The county designated the week of Oct. 25-31 as "Prevent Childhood Lead Poisoning: Learn Where Lead Can Be" as part of California Childhood Lead Poisoning Prevention Week.

The campaign is designed to raise awareness of children's elevated risk of becoming sick with lead poisoning, which often goes undetected or unrecognized despite being one of the most common environmental illnesses among California youngsters, according to the county.

In 2012, more than 1,000 children and young adults under 21 in San Diego County had elevated blood lead levels, according to the California Department of Public Health.

"We want to remind parents that lead poisoning can be detrimental to young children's health and development, and it's important that they ask their children's doctor about lead testing,"said Wilma Wooten, San Diego County's public health officer.

Wooten said the only way to identify and confirm lead poisoning in children is through a blood test.

Most children who have lead poisoning don't look or act sick and symptoms can be confused with common childhood complaints such as stomach aches, headaches, crankiness or loss of appetite, according to CDPH. Even low levels of lead in blood are shown to have a significant impact -- affecting IQ, the ability to pay attention and academic achievement.
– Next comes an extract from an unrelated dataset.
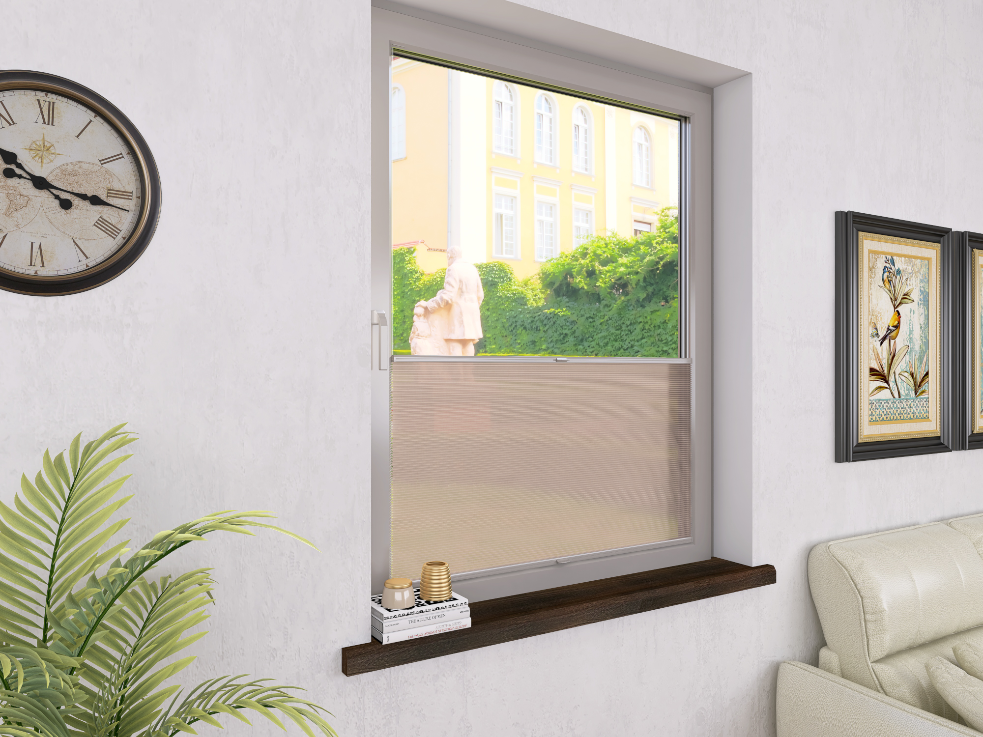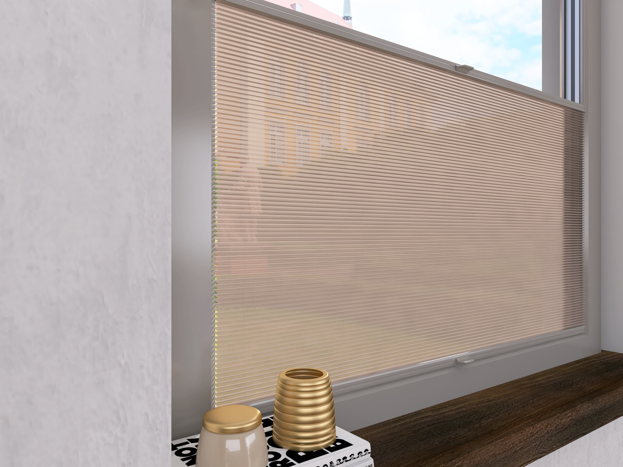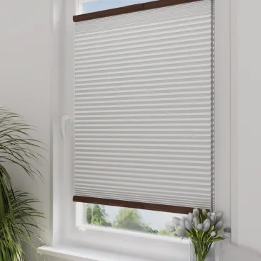 DIEGO – lekka tkanina poliestrowa (153 g/m²) o trwałych kolorach i przepuszczalności światła 28–48%. Plisowane lamelki (20 mm) nadają jej wyjątkowy wygląd, a delikatna grubość 0,4 mm sprawia, że jest subtelna i elegancka.

Children can be exposed to lead through lead-based paint, lead- contaminated dust and soil and through certain imported ceramic pottery, painted objects and imported candy and food products.

The county's Health and Human Services program will have informational displays on childhood lead poisoning at all county regional public health centers. HHS will also make presentations to healthcare providers and community groups to raise awareness about the illness.